■ PROBLEM DESCRIPTION ■
Among the entries below, find the line with "大消費板塊表現活躍,茂業(y", then quote it and each following line up to and including the line with "Đại biểu Nguyễn", and nothing else.

*** Opening DATASET ***

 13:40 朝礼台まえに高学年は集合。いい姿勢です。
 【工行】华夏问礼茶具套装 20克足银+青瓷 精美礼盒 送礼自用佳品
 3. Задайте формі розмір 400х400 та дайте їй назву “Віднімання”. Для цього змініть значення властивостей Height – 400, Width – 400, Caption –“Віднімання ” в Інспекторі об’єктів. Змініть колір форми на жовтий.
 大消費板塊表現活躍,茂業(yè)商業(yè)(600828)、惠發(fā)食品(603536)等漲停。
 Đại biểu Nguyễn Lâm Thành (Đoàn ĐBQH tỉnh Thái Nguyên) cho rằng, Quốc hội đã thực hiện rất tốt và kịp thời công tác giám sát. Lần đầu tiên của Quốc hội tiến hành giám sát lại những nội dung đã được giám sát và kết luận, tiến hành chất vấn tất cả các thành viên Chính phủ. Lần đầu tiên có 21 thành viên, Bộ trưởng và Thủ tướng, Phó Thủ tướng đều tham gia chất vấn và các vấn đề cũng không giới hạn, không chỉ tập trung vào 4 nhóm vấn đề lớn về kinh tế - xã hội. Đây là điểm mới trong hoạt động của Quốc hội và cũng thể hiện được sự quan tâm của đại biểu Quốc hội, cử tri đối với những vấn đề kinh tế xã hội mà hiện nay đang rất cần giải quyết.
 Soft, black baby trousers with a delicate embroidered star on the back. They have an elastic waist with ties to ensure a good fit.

*** Closing DATASET ***
*** Opening DATASET ***

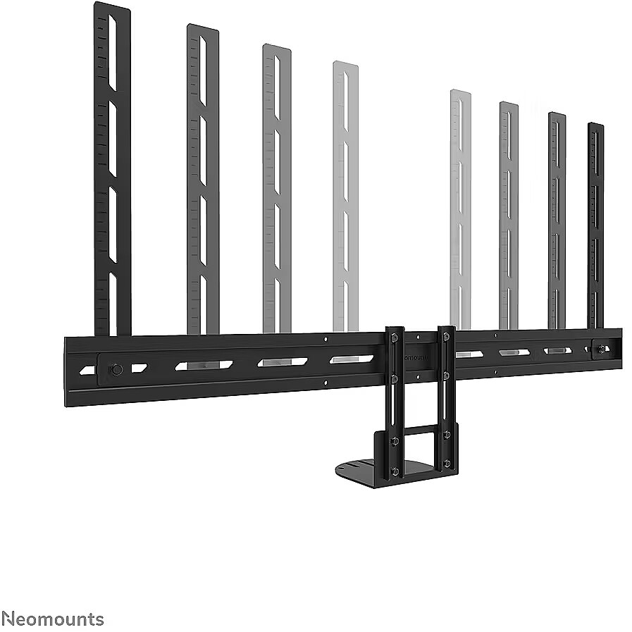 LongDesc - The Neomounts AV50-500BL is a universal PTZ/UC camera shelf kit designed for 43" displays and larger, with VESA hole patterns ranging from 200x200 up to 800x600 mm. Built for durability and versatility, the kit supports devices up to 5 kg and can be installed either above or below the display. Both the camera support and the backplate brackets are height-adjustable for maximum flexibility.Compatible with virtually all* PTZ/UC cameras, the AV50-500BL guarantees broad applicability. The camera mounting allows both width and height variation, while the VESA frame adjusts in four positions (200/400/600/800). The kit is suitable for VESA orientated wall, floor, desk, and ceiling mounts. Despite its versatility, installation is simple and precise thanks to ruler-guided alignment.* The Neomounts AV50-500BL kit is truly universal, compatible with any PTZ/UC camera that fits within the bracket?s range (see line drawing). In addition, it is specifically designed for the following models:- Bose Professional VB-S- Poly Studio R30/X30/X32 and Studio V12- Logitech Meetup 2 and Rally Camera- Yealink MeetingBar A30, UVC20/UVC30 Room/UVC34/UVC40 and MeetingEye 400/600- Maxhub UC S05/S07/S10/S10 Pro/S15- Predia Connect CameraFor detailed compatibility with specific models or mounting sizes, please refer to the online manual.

*** Closing DATASET ***
*** Opening DATASET ***

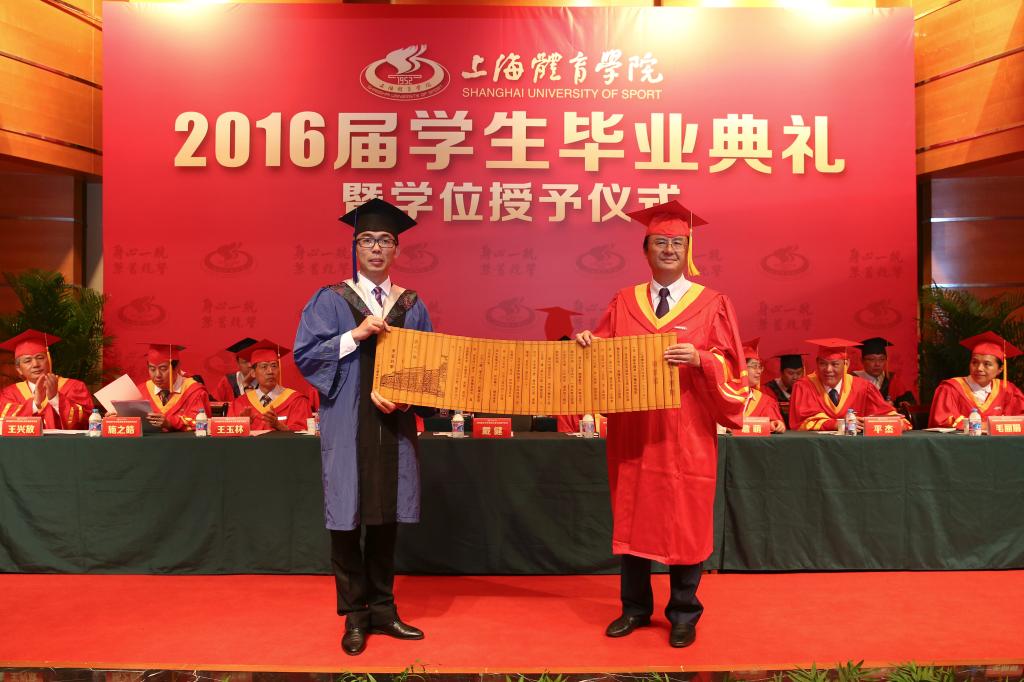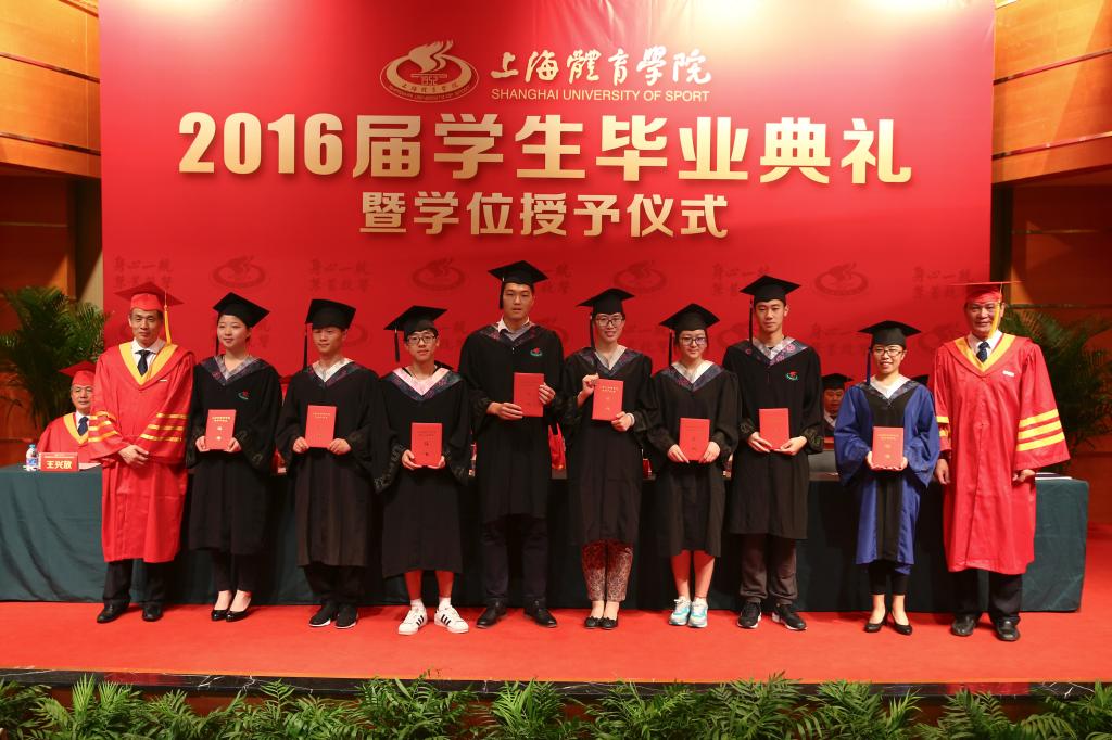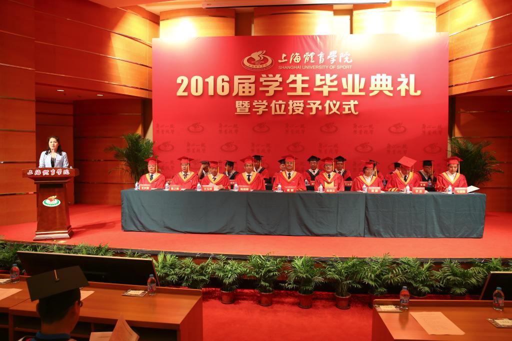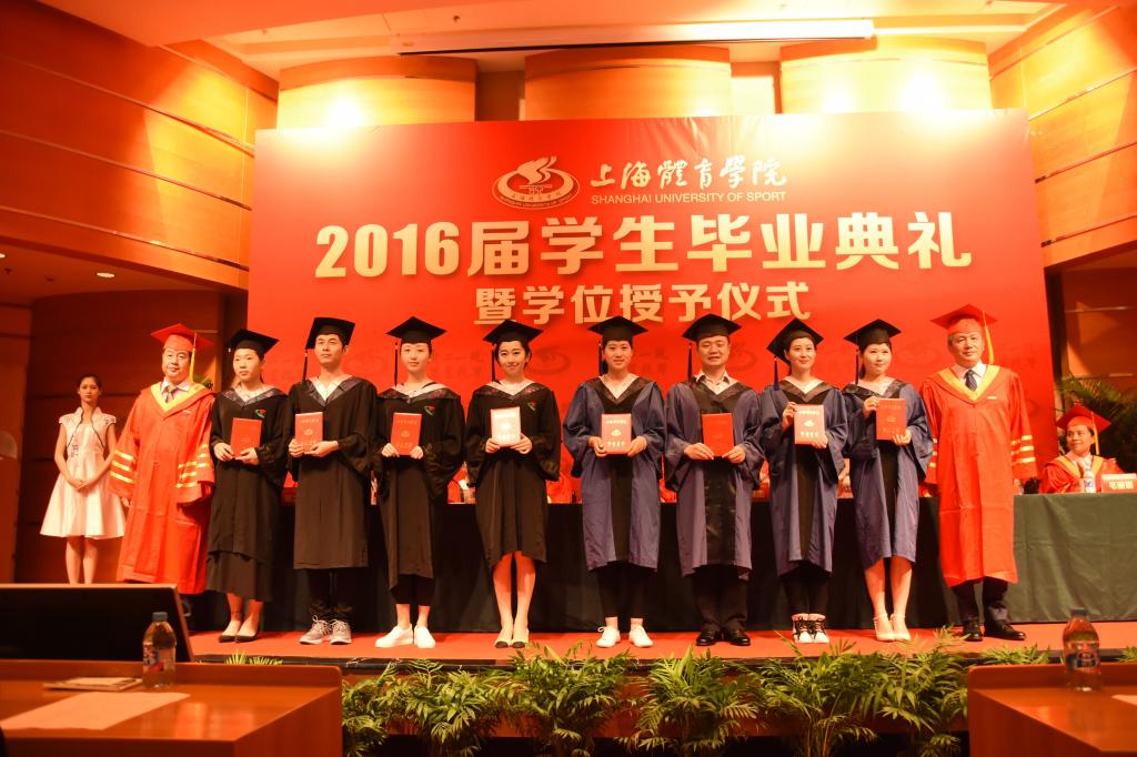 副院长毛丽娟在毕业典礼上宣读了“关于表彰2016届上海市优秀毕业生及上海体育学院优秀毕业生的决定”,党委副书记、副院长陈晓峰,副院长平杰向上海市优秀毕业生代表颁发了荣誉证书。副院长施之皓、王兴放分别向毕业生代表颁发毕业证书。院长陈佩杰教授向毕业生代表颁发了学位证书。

*** Closing DATASET ***

■ RESULT OF THE EXERCISE ■
 大消費板塊表現活躍,茂業(yè)商業(yè)(600828)、惠發(fā)食品(603536)等漲停。
 Đại biểu Nguyễn Lâm Thành (Đoàn ĐBQH tỉnh Thái Nguyên) cho rằng, Quốc hội đã thực hiện rất tốt và kịp thời công tác giám sát. Lần đầu tiên của Quốc hội tiến hành giám sát lại những nội dung đã được giám sát và kết luận, tiến hành chất vấn tất cả các thành viên Chính phủ. Lần đầu tiên có 21 thành viên, Bộ trưởng và Thủ tướng, Phó Thủ tướng đều tham gia chất vấn và các vấn đề cũng không giới hạn, không chỉ tập trung vào 4 nhóm vấn đề lớn về kinh tế - xã hội. Đây là điểm mới trong hoạt động của Quốc hội và cũng thể hiện được sự quan tâm của đại biểu Quốc hội, cử tri đối với những vấn đề kinh tế xã hội mà hiện nay đang rất cần giải quyết.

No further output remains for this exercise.